Make Use Of Long-Abandoned City Commission

We noted over the weekend the planning that was done over the past 10 to 15 years – and the lack of follow-up from some of those plans.

It’s something we hope isn’t repeated as the city works on its next comprehensive plan. And we think the Strategic Planning and Partnerships Commission could be one way to do so.

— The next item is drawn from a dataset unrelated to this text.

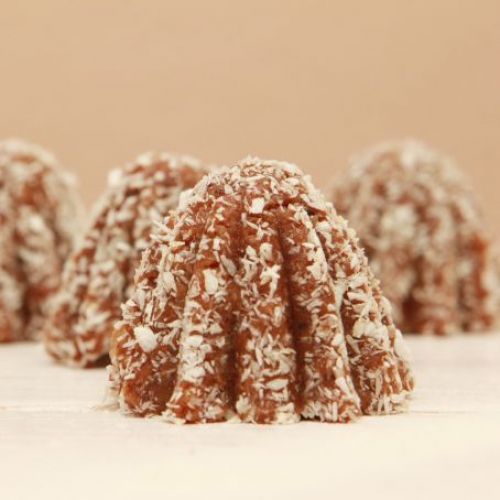 Per la copertura: fate sciogliere 120 g di cioccolato fondente a bagnomaria. Aggiungete 10 g di burro e 1 cl di panna fresca. Versate in un piatto fondo la crema ottenuta, e in un altro del cocco disidratato (50-75 g). Immergete i dolcetti prima nel cioccolato e poi nel cocco.
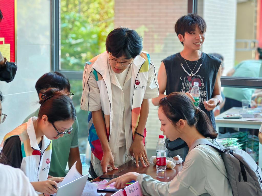 于方寸之间,依托专业特色设计专属礼物,这份礼物,是人文精神的传递,更是大学旅程的温暖序章。“书香盈袖”活动体验区,执扇绘心,落墨传情”,新生们亲手参与漆扇制作、团扇绘制与书法创作,在一笔一画、一染一绘之间,感受传统文化的魅力与人文底蕴的哲思。甲骨文解谜游戏,以甲骨为舟,载千年文脉;与“江南印记”透卡合影,用脚步丈量校园,以心灵感知人文。在时光邮筒中给未来的自己寄一封信,开启大学新旅程,一笔一画,写下的是此刻的梦想与期待,封存的是青春最珍贵的记忆。

The commission was largely abandoned by former Mayor Eddie Sundquist, but it had been spinning its wheels even before Sundquist’s four years in office because members struggled to come up with a mission. In one of the most recent City Charter revisions the commission is given the requirement of weighing in on the city’s capital budget, something the group rarely did. But those who have been around City Hall for a couple of decades know the Strategic Planning and Partnerships Commission had been a productive, active group that was quite successful before it became bogged down in trying to figure out what it should be doing. Eventually it lapsed into dormancy. Now, it’s time to dust off the Strategic Planning and Partnerships Commission and put a reconstituted commission to work.

With the right membership, a reconstituted Strategic Planning and Partnerships Commission could work with Mayor Kim Ecklund and city department heads to make sure Ecklund’s goals, and those of the City Council, are met. At the same time the commission can forge new partnerships and reinvigorate old ones. The commission could use its monthly meetings to focus on major city issues like housing, development, increasing vitality downtown, the homeless and the possibility of more migrants being housed in Jamestown. It could suggest policy to the council, help find best practices from other areas that could help Jamestown and be a group that helps keep strategic initiatives from city plans on target.

There is a need for a group that takes a 30,000-foot view of Jamestown, its issues and its successes. A reinvigorated Strategic Planning and Partnerships Commission could do just that.